What had she expected? A voice over an intercom?

She peered along the edge of the ceiling looking for cameras. Didn’t see anything, but that didn’t mean they weren’t there. She wanted to face off with someone, even if only through the lens of a camera. Tell them what she thought about their “team” and how she refused to be a part of it. She was tired of their hollow promises couched in their doom-and-gloom predictions of the world’s end.

“Did you hear me?” Her voice buzzed in the corners of the room. “I want out.”

She tried standing again, slowly this time, and got to her feet without too much wooziness. Once she felt steady enough, she shuffled to the dresser. She slid open the top drawer and huffed. About a week’s worth of bras and underwear lay neatly in the drawer.

Since no one seemed interested in her tirade, she might as well get dressed.

She helped herself to a matching set of undergarments and checked the second drawer, apparently the pants drawer. Seven pairs, from jeans, to khakis, to what looked like leather, sat folded and stacked inside. She checked a few tags—all her size. Even the leather. They knew her size. They did not know her style. She settled on a pair of khaki cargo pants.

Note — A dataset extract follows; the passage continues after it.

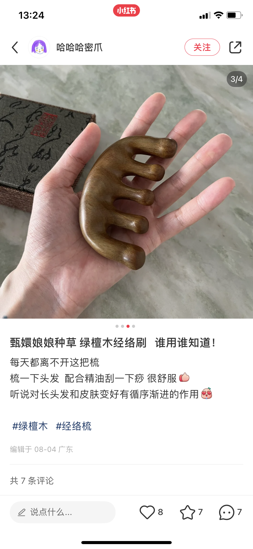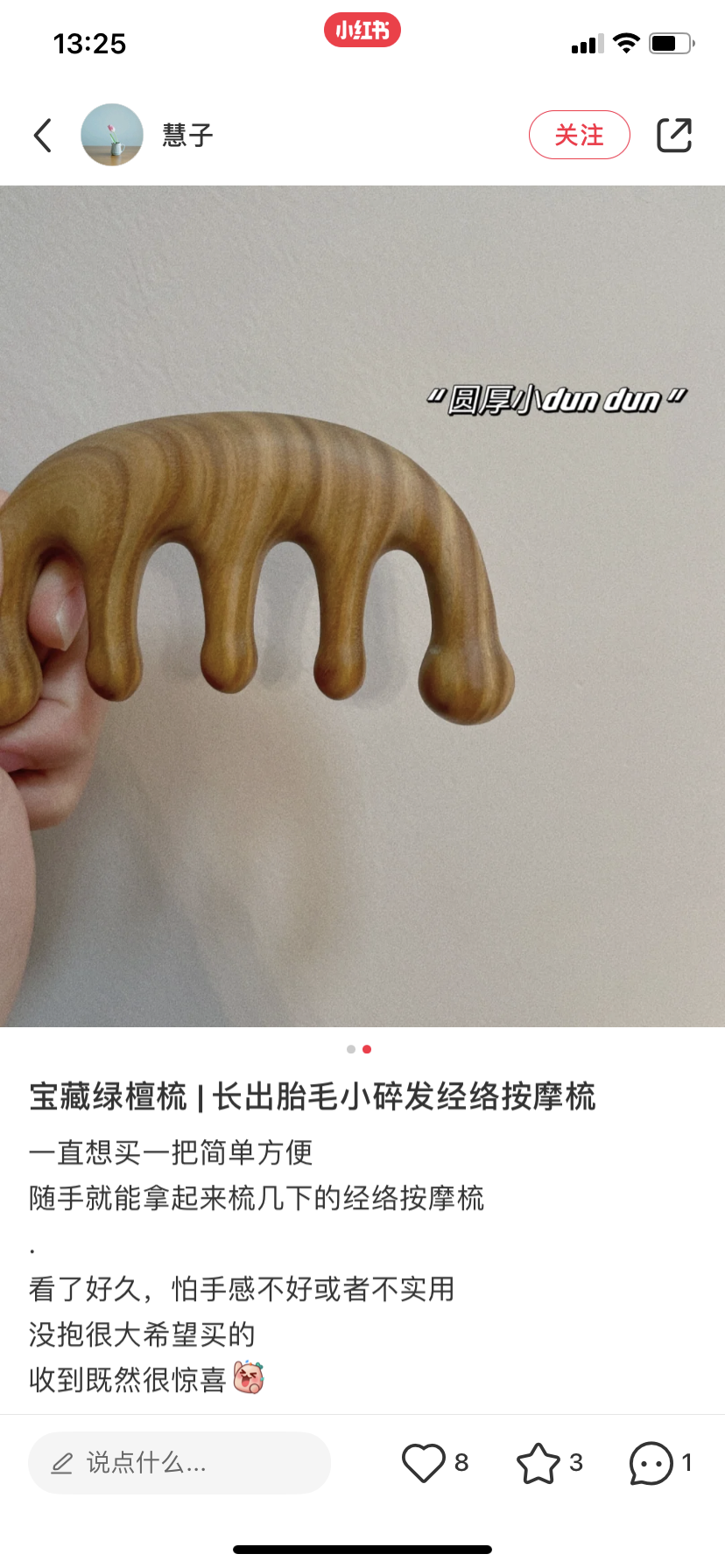 梳子的味道也好闻,有一种浑厚且古韵的木香味,忍不住想闻。大小也正正好,可以随身带着,不时的拿出来梳梳头,按按肩颈。

Drawer number three was full of basic t-shirts, a different color for each day of the week. Kate took a black t-shirt off the top.

She wanted to yank on the clothes as quickly as possible, but she forced herself to take her time and avoid any more lightheadedness than necessary. The act of getting dressed made her feel more herself and a little stronger. When she had finished, she sat at the foot of the bed and looked around her again.

The window, you fool.

They had her so used to rooms without windows she had missed the significance of finally having one now. She wanted to leave. Climb out the window.

Before she got her hopes too high, she stood and crossed over to take a look out. For all she knew, this room sat on the hundredth floor of this seemingly endless building. She pushed aside the curtains and peered through the glass. The view was astonishing. Kate had never seen such a wide open and unbroken expanse of land. Grassy plains seemed to stretch to infinity, the sky the only thing keeping it from going any further. Not even a mountain range blocked the horizon. Just a flat, straight line where grass met sky.